Remember hundreds of Chinese apps were banned in 2020? Many of them are now back on the Indian market - some in their tweaked avatars, others in cloned versions.
In separate orders, the Ministry of Electronics and Information Technology restricted access to as many as 267 apps in 2020 at the height of border tensions with China on grounds of being prejudicial to India's sovereignty and security.
After four years, India Today's Open-Source Intelligence (OSINT) team reviewed more than 200 of the banned mobile applications and found that original or clone versions of at least 36 of them were available either on Google's Play Store or Apple's App Store or on both platforms as of February 10.
Many of the banned apps appear to be the same, while others are copycat versions - often featuring similar names and logo designs but different in key details such as developer information. These apps belong to a range of categories, such as gaming, photo and video editing, entertainment, content creation, file sharing etc.
Almost all of these apps were published after November 2020.

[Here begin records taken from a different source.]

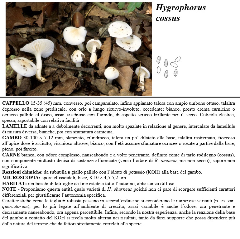 NOTE - Proponiamo questa entità quale varietà di H. eburneus poiché non ci pare di scorgere sufficienti caratteri differenziali per giustificarne l'autonomia specifica. Caratteristiche come la taglia più o meno robusta passano in second'ordine se si considerano le numerose varianti (p. es. var. quercetorum), per lo più legate all'ambiente di crescita, assai variabile è anche l'odore, ora penetrante e decisamente nauseabondo, ora appena percettibile. Infine, secondo la nostra esperienza, anche la reazione della base del gambo a contatto del KOH si rivela molto alterna nei risultati, tanto da farci supporre che possa dipendere più dalla natura del terreno che da fattori strettamente correlati alla specie.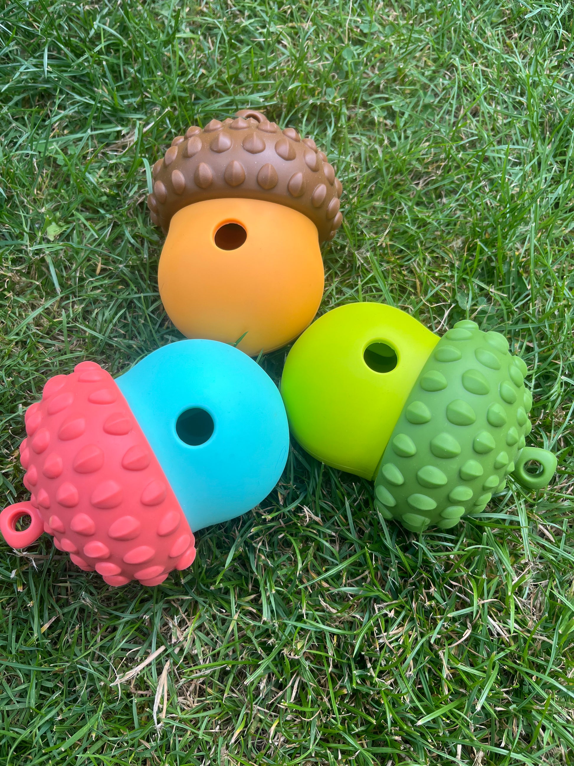 Please remove the acorn once your dog has retrieved all of the treats. This should be used as a food based reward as opposed to a toy especially if your dog is destructive.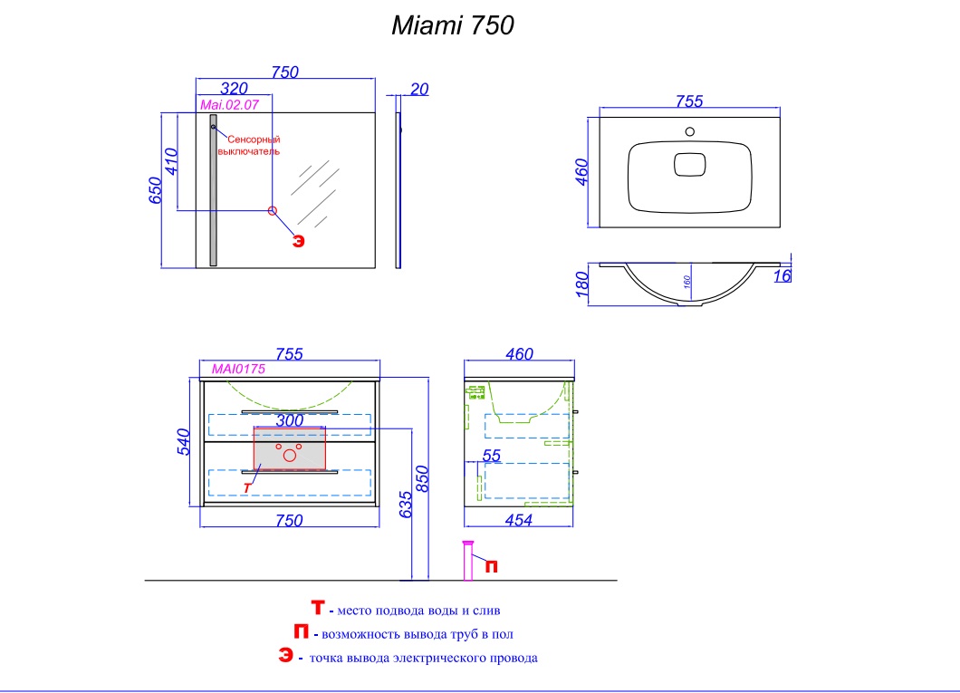 Тумба с раковиной Aqwella 5 stars Miami 75 |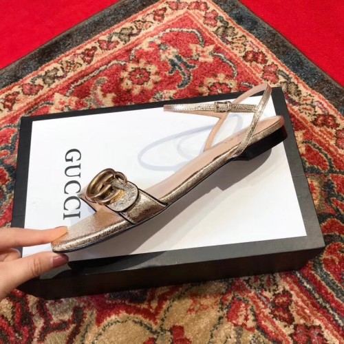 Gucci Leather Double G Flat Sandals 524631 Gold 2019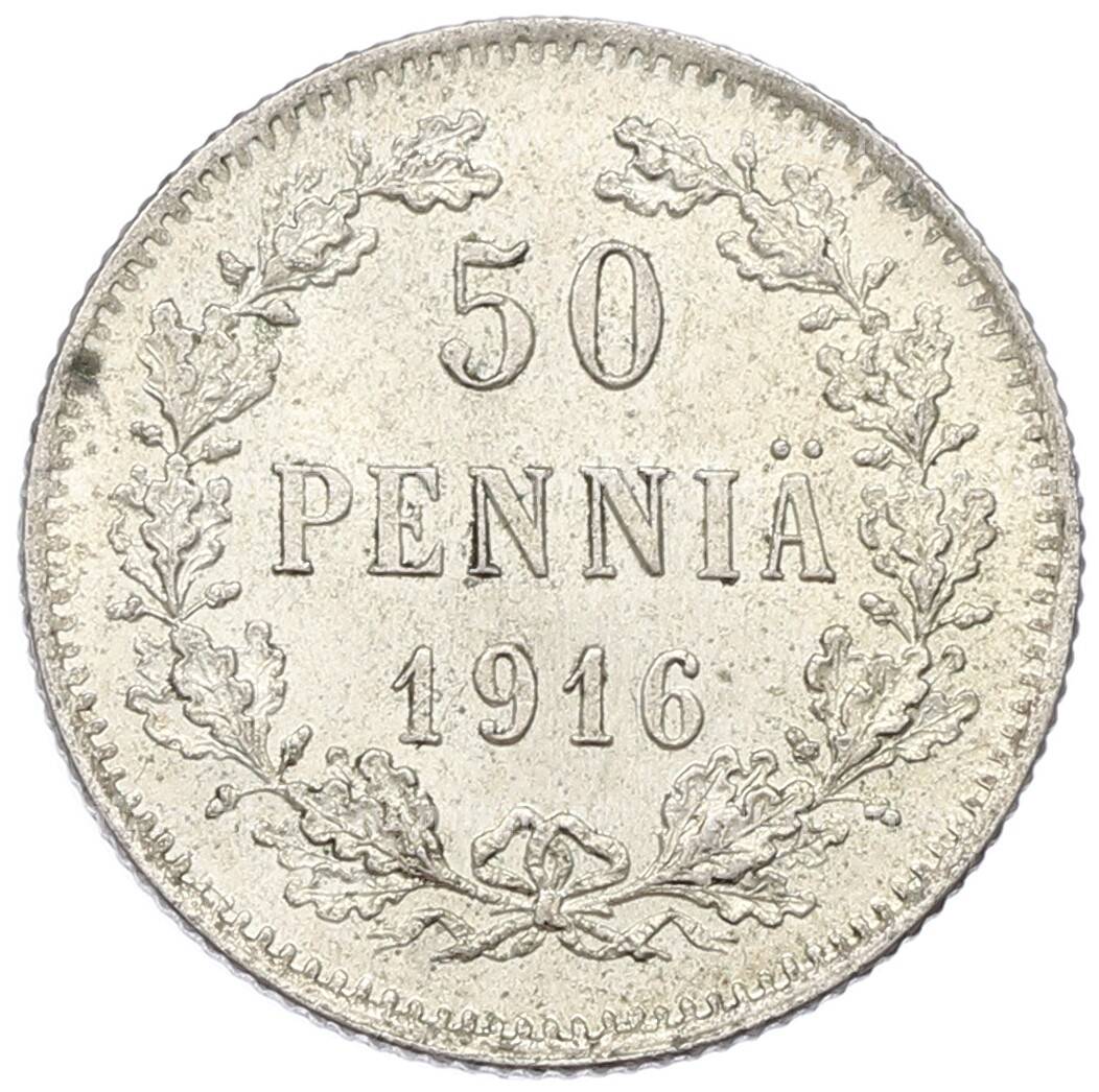 Монета 50 пенни 1916 года Русская Финляндия (Артикул: K10-5235): подробные характеристики, качественные фотографии в высоком разрешении, низкая цена.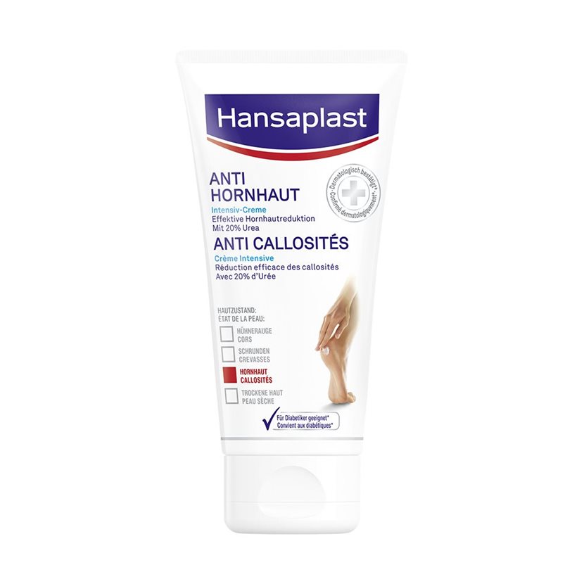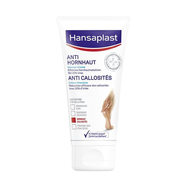 Fußcremes mit Urea, wie zum Beispiel Hansaplast Anti Hornhaut Intensiv-Creme, helfen, trockene, raue und verhornte Fußhaut zu regenerieren, intensiv mit Feuchtigkeit zu versorgen und sie dadurch wieder sanft und geschmeidig zu machen.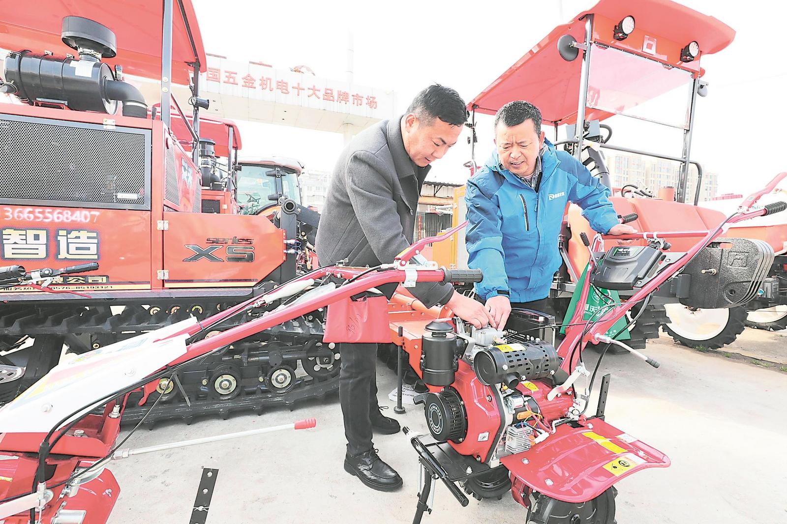 2月6日,在安慶市宜秀區農機銷售市場,農民正在選購農機設備。通訊員 江勝 攝
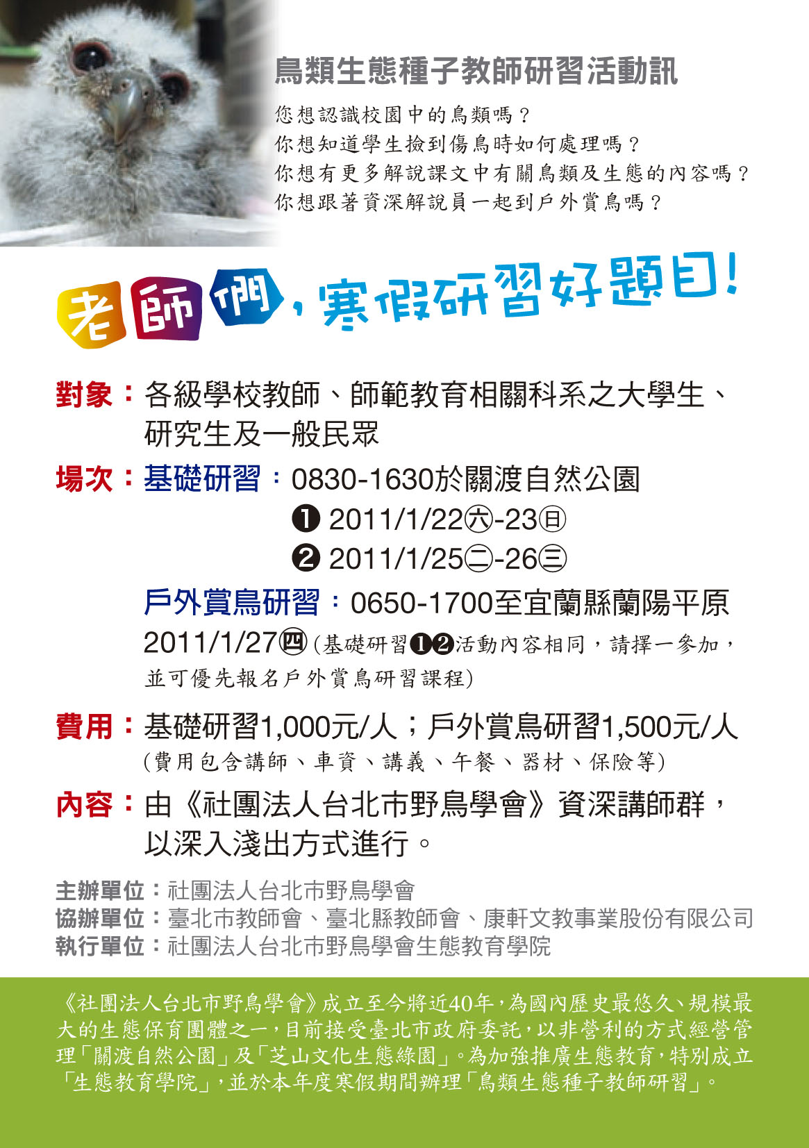 預設 [研習訊息]台北市野鳥協會100年度寒假鳥類生態教師研習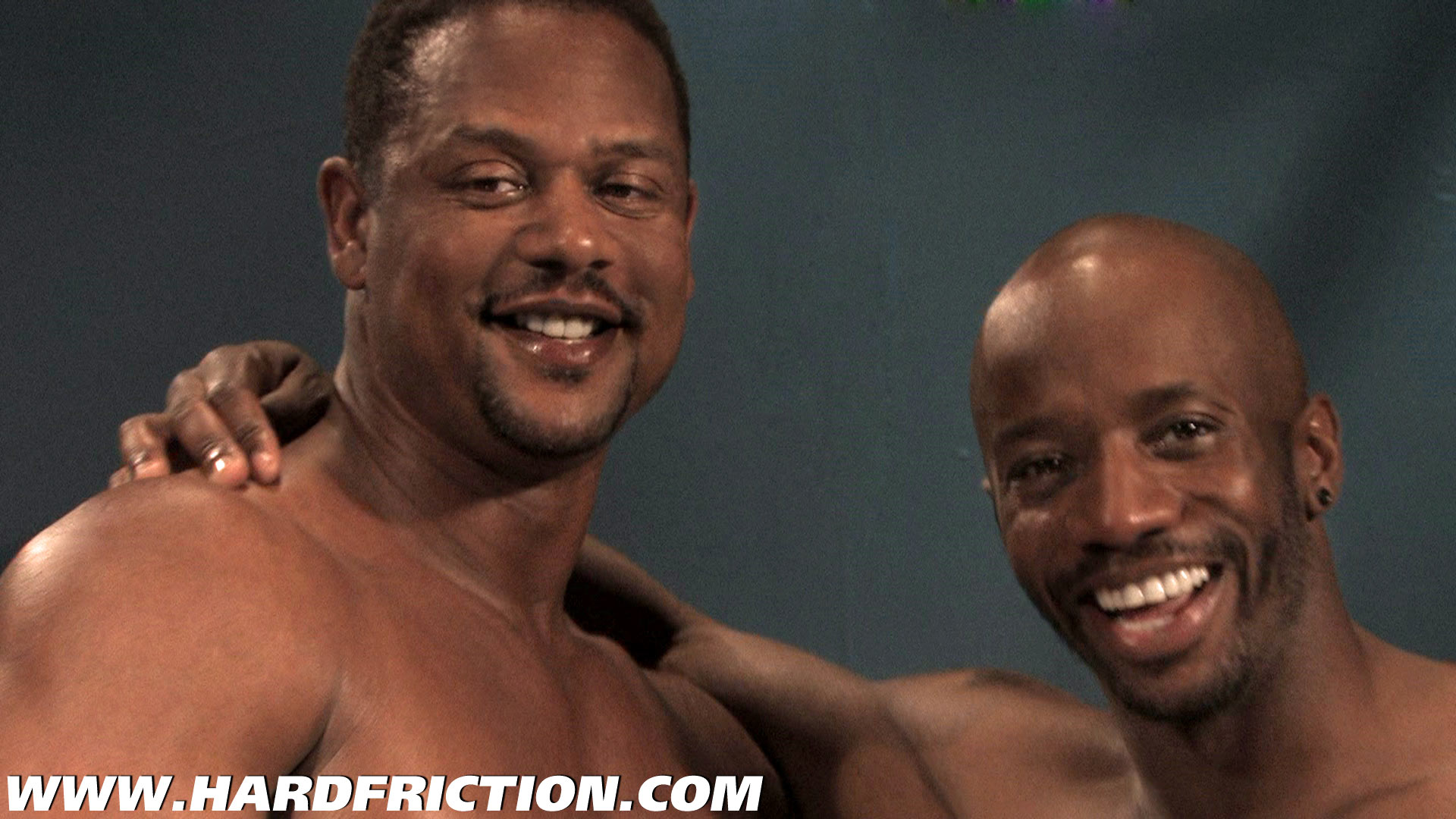 Race Cooper and Aron Ridge are live and naked in the Hard Friction studio. Race is quickly on his knees before giant Aron gulping down his massive cock. This is a very big man with a very large dick! Aron returns the favor as Race flexes his muscles as he groans in ecstasy, his own big cock throbbing straight up at attention. Aron flips Race around so he can warm up his hole for fucking. It is gonna get stretched open! Race bounces his bubble butt in anticipation as Aron licks his hole before filling it with his big meat. This makes Race a happy man! Aron pounds him doggie-style then lies back so Race can ride that big pole until both guys are ready to blow their creamy loads!

File-sharing app Xender, streaming platforms MangoTV and Youku, shopping app Taobao, and dating service Tantan are the mobile applications that appear to have returned. Barring MangoTV, the remaining of the four apps have made minor changes in their names or ownership structure as listed on the official Android and Apple stores.
MangoTV appeared in the government's ban order announced on November 20, 2020. It was developed by Hunan Happy Sunshine Interactive Entertainment Media Co. Ltd is based in China's Hunan province and was launched for Android devices in February 2018.
Similarly, Xender was banned in June 2020 but is still available for users to download from Apple's App Store in India, though now its official name is "Xender:File Share, Share Music".
It's unclear if Xender was ever taken off the App Store or reinstated later. It is not available on the Indian Play Store. On the US version of the Play Store, the app is officially named "Xender - Share Music Transfer" with the same publisher - Xender (HK) Limited.
Nearly a year after the ban on its "YOUKU" streaming app, Chinese conglomerate Alibaba launched another app named "YOUKU-Drama, Film,
Show, Anime" on the Play Store and the Apple App Store. Both "YOUKU" and "YOUKU-Drama, Film, Show, Anime" are identical in design, service, and ownership.
The other two apps identified by us, "Mobile Taobao" and "Tantan - Date For Real", seem to have slightly changed their names and remain available on Android and Apple devices. They are now available with the names "Taobao" and "TanTan - Asian Dating App" respectively - offered by the same Chinese companies.
Out of the 36 apps, 13 are developed by Chinese firms, eight by Indians, three by Singapore, two by Vietnam, and one each by companies based in South Korea, Seychelles, Japan, and Bangladesh.
The reappearance of at least some of the apps could be attributed to changes in ownership structures and compliance with relevant Indian laws. For instance, fashion retailer Shein is back in the Indian market after a licencing agreement with Reliance.
In a December 2024 reply tabled in the Lok Sabha, Commerce Minister Piyush Goyal said the new Shein operations will host the user data only in India and that Shein's parent company will have no access to Indian user data and that the products will be indigenous.
Similarly, the popular gaming app PUBG Mobile was rebranded as Battlegrounds Mobile India. PUBG Mobile was banned in 2020 and relaunched in 2021 as 'Battlegrounds Mobile India' by South Korea's Krafton Inc, in which PUBG's original Chinese publisher reportedly has an over 13 per cent stake. But the rebranded version was also banned in 2022, only to be allowed a year later.
At the time, then minister of state for the Ministry of Electronics and Information Technology, Rajeev Chandrasekhar, said the ban on BGMI was lifted for an interim period of 3 months after it "complied with issues of server locations and data security etc". "We will keep a close watch on other issues of User harm, Addiction etc in next 3 months before a final decision is taken," he posted on X on May 19, 2023.
Uprooting copycat apps can be nearly impossible, not so much due to Chinese intransigence, but rather the sheer scale and complexity of an overgrown digital market.
The re-emergence of banned Chinese apps coincides with warming India-China relations after the disengagement of troops along the Line of Actual Control (LAC).